TEL AVIV – A teacher at a Catholic high school in Belgium won an award and cash prize for Iran’s Holocaust cartoon contest, receiving praise from her colleagues who said they were proud of her.
Luc Descheemaeker from the Sint-Jozefs Institute high school in the city of Torhout was awarded a “special prize” at the Second International Holocaust Cartoon Contest in Tehran in May for a cartoon of the words “Arbeit macht frei” over a wall with guard posts — ostensibly likening Israel’s security fence to the gates at the Auschwitz concentration camp.
The sentence, which means “work sets you free” in German, is emblazoned on the main gate to the Nazi death camp in Poland. Descheemaeker won $1,000 for the cartoon. The first-prize winning entry was a drawing of a cash register shaped like Auschwitz.
Citing the Belgian-Jewish publication Ragards, JTA said that a journalist from the newspaper had sent the school an email in May with a URL link to a webpage announcing the winners of the contest, accompanied with the text: “It must be a great pride for Sint-Jozefs Institute-College to be associated to the values Luc Descheemaeker stands for.”
Martine De Zutter, a senior faculty member, sent the following reply: “We are indeed very proud to have Luc associated with our school.

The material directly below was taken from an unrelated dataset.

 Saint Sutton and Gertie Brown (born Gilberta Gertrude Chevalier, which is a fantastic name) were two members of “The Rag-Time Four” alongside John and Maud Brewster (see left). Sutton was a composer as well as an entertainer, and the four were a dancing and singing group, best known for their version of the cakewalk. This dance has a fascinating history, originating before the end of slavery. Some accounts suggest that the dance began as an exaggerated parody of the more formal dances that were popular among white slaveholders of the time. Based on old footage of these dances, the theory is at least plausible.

His talent is of great value for the artistic education of our students!”
School Director Paul Vanthournout on Wednesday told JTA that the school was proud of Descheemaeker’s work within the institution, where he taught plastic arts and cultural sciences. He has put on educational plays about the Holocaust at school, Vanthournout said.

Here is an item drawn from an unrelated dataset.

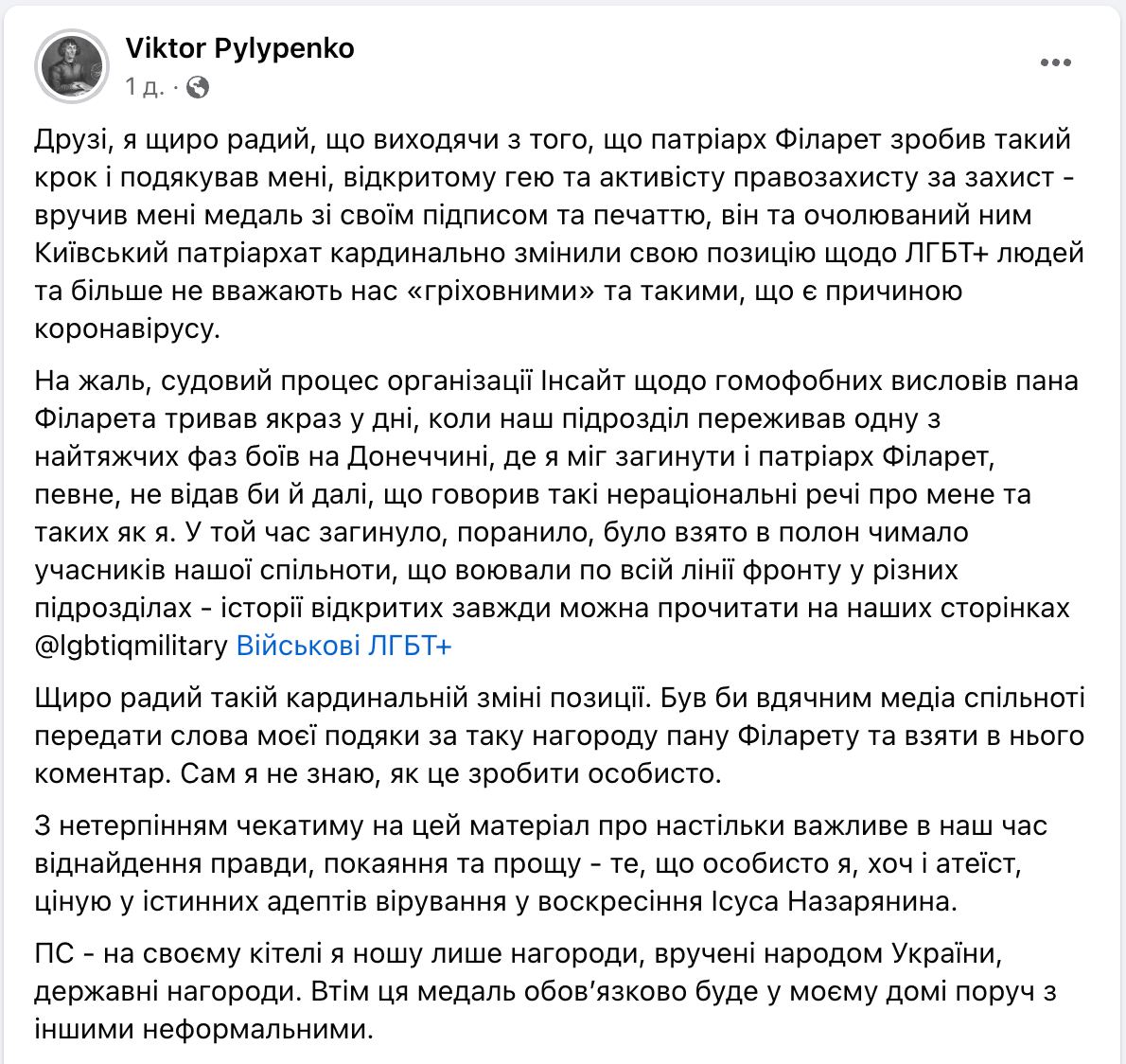 "Друзья, я искренне рад, что исходя из того, что патриарх Филарет сделал такой шаг и поблагодарил меня, открытого гея и активиста правозащиты – вручил мне медаль со своей подписью и печатью, он и возглавляемый им киевский патриархат кардинально изменили свою позицию по ЛГБТ + людям и больше не считают нас "греховными" и причиной коронавируса... Искренне рад такому кардинальному изменению позиции", - сказано в посте военного.

The report said that in 2002, Descheemaeker was awarded a royal distinction from Belgium’s Queen Paola for producing a play about the Holocaust for children, an adaptation of Art Spiegelman’s award-winning graphic memoir “Maus.”

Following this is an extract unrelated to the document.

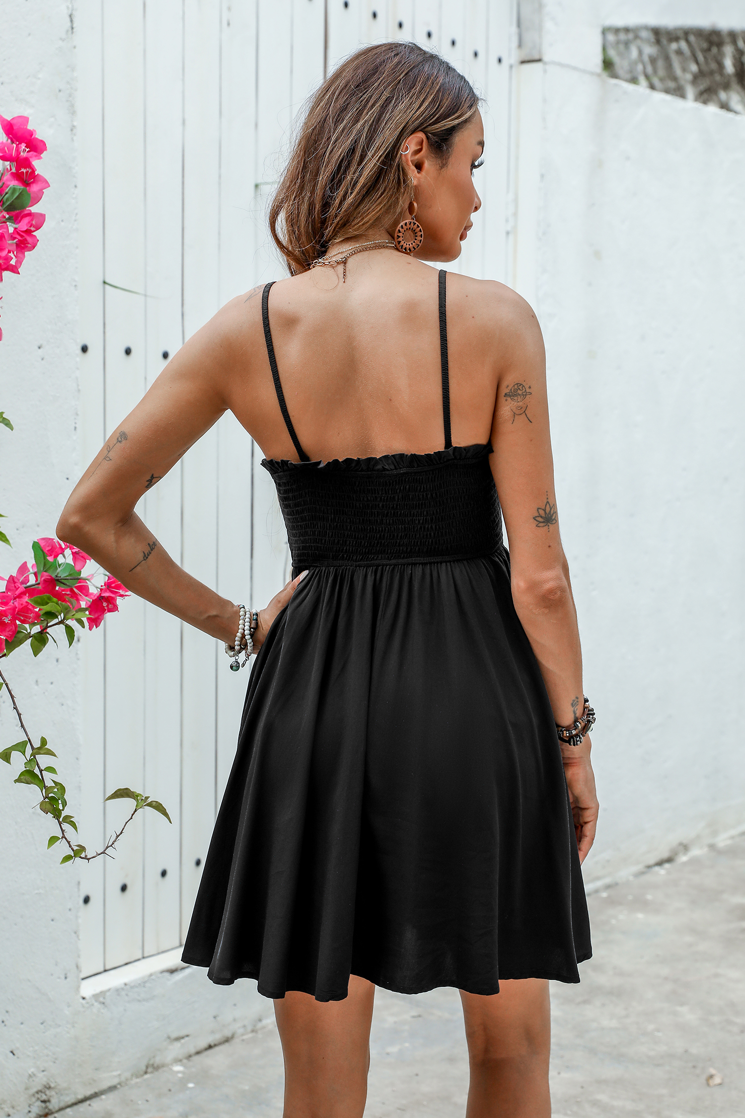 • Black Sleeveless Square Neck Smocked Mini Dress

“I understand you find criticism on Israel’s actions in the West Bank and Gaza unpleasant,” he wrote to JTA, “but your consideration of it as anti-Semitic is exaggerated.”
Vanthournout said the school’s stance is that the Holocaust, which “featured atrocities of hitherto unseen proportions,” cannot be compared or likened to Israel’s treatment of Palestinians. But the Holocaust, he added, “cannot serve as an alibi to solving conflicts with violence.”
Descheemaeker, who is retiring from the school this year, accepted an offer to travel to Tehran to be a judge at next year’s Holocaust competition in Tehran, the school’s newsletter said.
A U.S. State Department spokesman said the contest can “be used as a platform for Holocaust denial and revisionism and egregiously anti-Semitic speech, as it has in the past.”
In May, the United States Holocaust Memorial Museum noted that the organizations behind the contest “are sponsored or supported by government entities, including the Islamic Revolutionary Guard Corps and the Ministry of Islamic Guidance,” and demanded that the Iranian government disavow the contest.
UNESCO has condemned the cartoon contest as being a “mockery of the genocide of the Jewish people, a tragic page of humanity’s history.”